Remy Ma attends the Roc Nation pre-Grammy Brunch on Feb. 11, 2017 in Los Angeles.

Remy Ma attends the Roc Nation pre-Grammy Brunch on Feb. 11, 2017 in Los Angeles.

Paul Archuleta/FilmMagic

Since her prison release in 2014, Remy Ma has spent the last three years working tirelessly to make up for lost time. Thanks to the success of her 2016 summer hit “All The Way Up” -- a collaboration with her Plato o Plomo collaborator Fat Joe -- the Bronx femcee notched two Grammy Award nominations and a 2017 BET Award for Best Female Hip-Hop Artist (ending Nicki Minaj’s seven-year winning streak).

While she has no plans of slowing down anytime soon (“There’s so much that I want to do, so much that I want to say and so many different platforms that I want to use my ‘celebrity’ status to try and make a change’”), Remy Ma is delving into a new territory and adding another hyphen to her resume: philanthropist.

Widely known for her boisterous rhymes and tough, unapologetic attitude, the world saw Remy Ma at her most vulnerable during an episode of Love and Hip Hop: New York aired earlier this year that saw Remy and her husband, Papoose, coping with the heart-rending news of her ectopic pregnancy. “As a woman, you start to think, ‘What did I do wrong?, What could I have done to prevent it?,’” she told Billboard over the phone. Riddled with loneliness and disappointment, Remy says it was her husband who encouraged her to reveal their experience “for the people who went through this too and felt like they’re the only ones in the world.”

After consulting her doctor about alternative conception methods and learning about the costly procedures made available, Remy said she “didn’t even think twice” about pursuing but later realized that lack of information and financial resources are the main reasons many other women can’t seek fertility treatment. “Women would talk to me about how they wish they could go through with the procedure but they can’t afford it and I thought that was crazy because medical insurance or even a couple of hundred dollars can help you get rid of a child but to bring life into this world costs thousands of dollars,” the rapper says. “That could’ve been the Remy who didn’t meet [Big Pun] and who got a regular job and wanted to have kids. It’s wrong and it’s unfair.”

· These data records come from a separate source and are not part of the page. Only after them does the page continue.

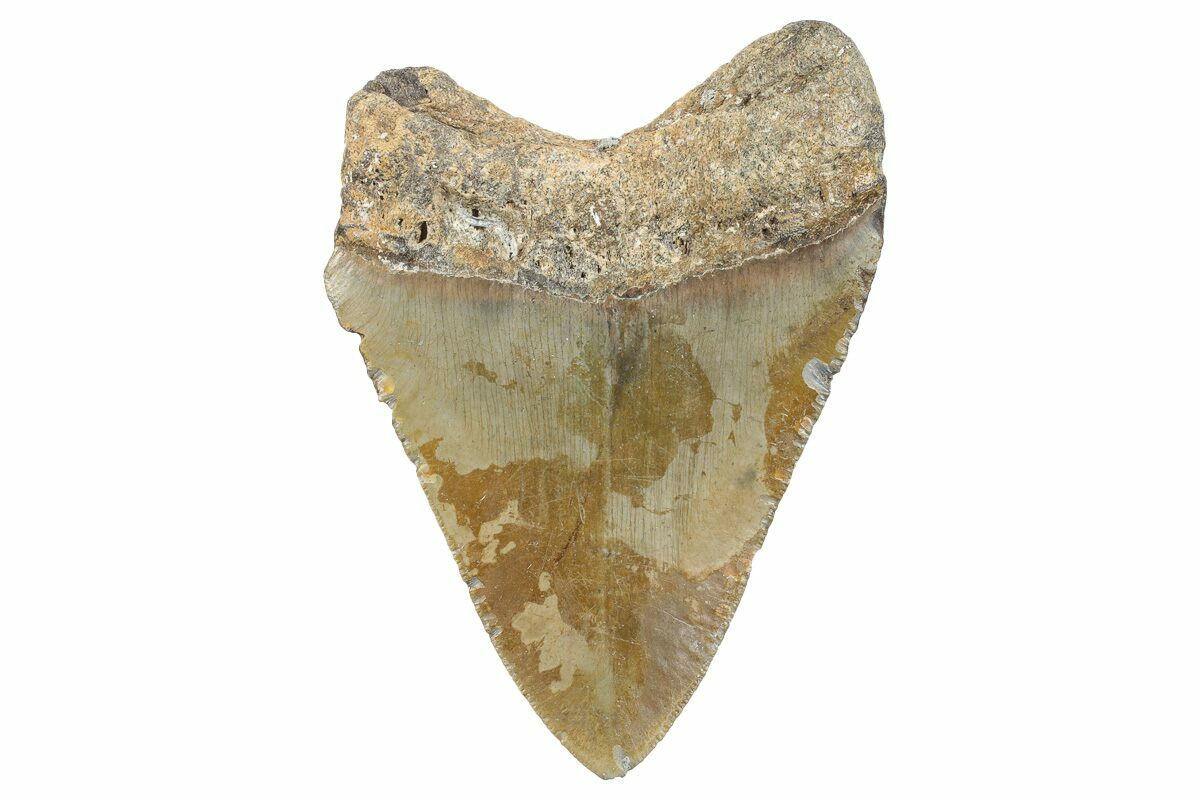 Megalodon had a cosmopolitan (global) distribution and its giant teeth can be found in deposits throughout the world. Some are collected on land in phosphate deposits, while many are collected from rivers and coastlines after eroding out of the rocks. This contributes to the water-worn, polished appearance of many teeth.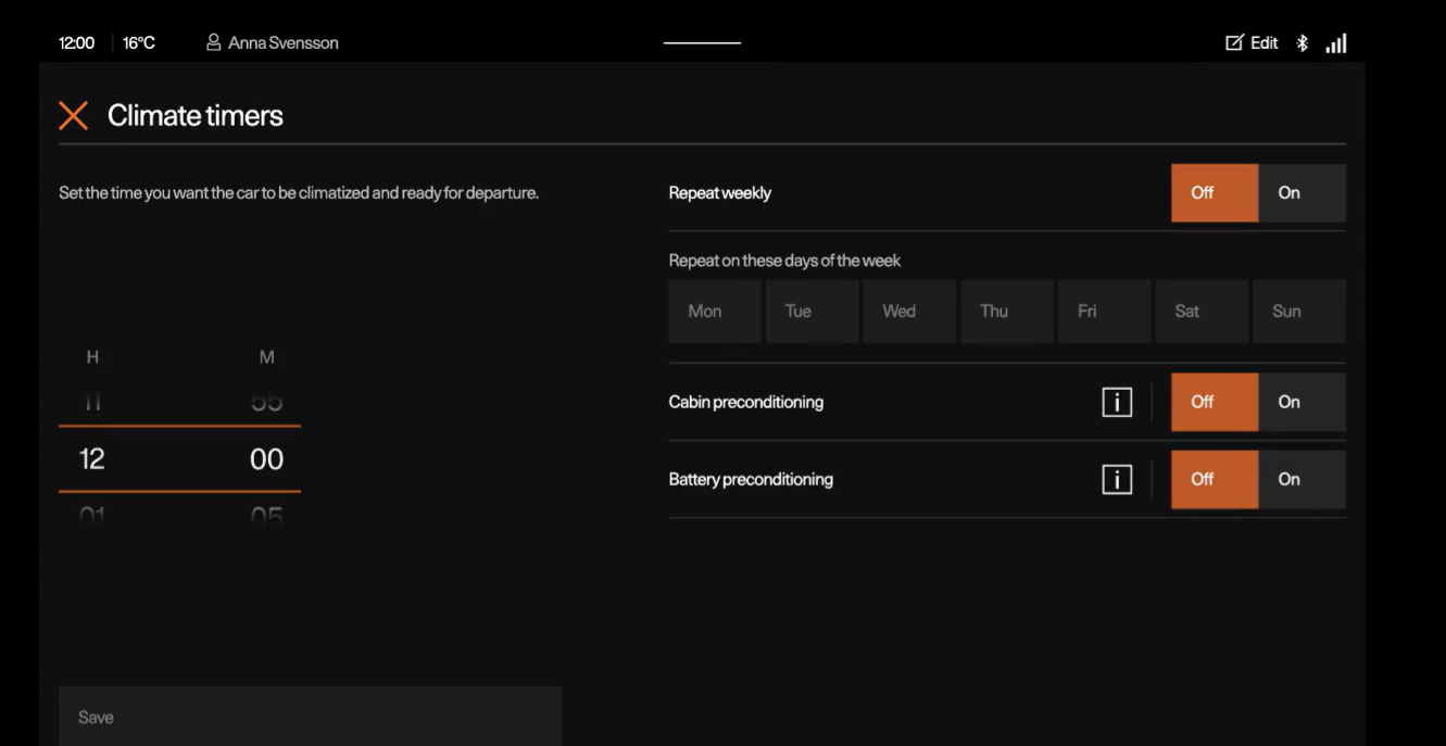 Eine Frage, die ich mir auch stelle: Warum ist die Vorkonditionierung im Auto einstellbar, aber in der App nicht? Außerdem nervt mich, dass ich beim Timer nicht entscheiden kann, ob Lenkrad- und/oder Sitzheizung an oder aus sein sollen. Das entscheidet er mWn aufgrund der fehlerhaften Außentemperatur.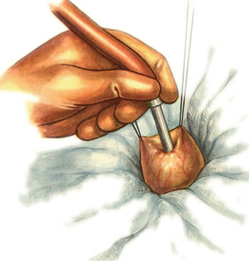 Если желчный пузырь сморщен или расположен так, что его невозможно подвести к передней брюшной стенке, то производят холецистостомию на протяжении. Вначале тщательно фиксируют дренаж кисетными швами к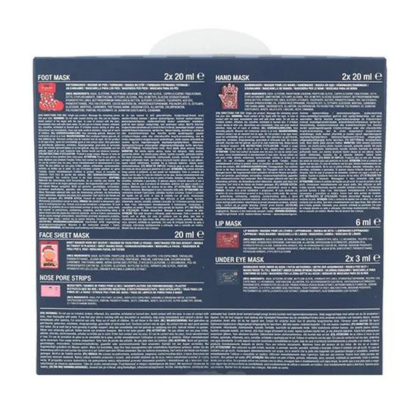 Desde una mascarilla facial hasta una mascarilla para las manos y 2 calcetines con mascarilla para los pies, y desde una mascarilla para los labios hasta 2 mascarillas para debajo de los ojos y 2 tiras para los poros de la nariz.

“Being a woman is hard. I think God is using me to see things I wouldn’t have normally seen before,” she continues. “It’s bigger than rap now. I sat in prison thinking about how I would return to music, but I also made promises to God that I’m not going to be selfish. Now I want to use whatever resources I have to make a change.”

Fueled by the lack of support and funds by “politicians who claim their pro-life,” Remy Ma recently unveiled her plans to start a women’s fund to help cover the costs of fertility treatments. “The backbone of the family is the woman -- the mother or the grandmother -- and when you take those same womanly qualities and apply them to something that’s going to benefit us as a people, it’s amazing," she says. "I know the power of women when we come together as one.”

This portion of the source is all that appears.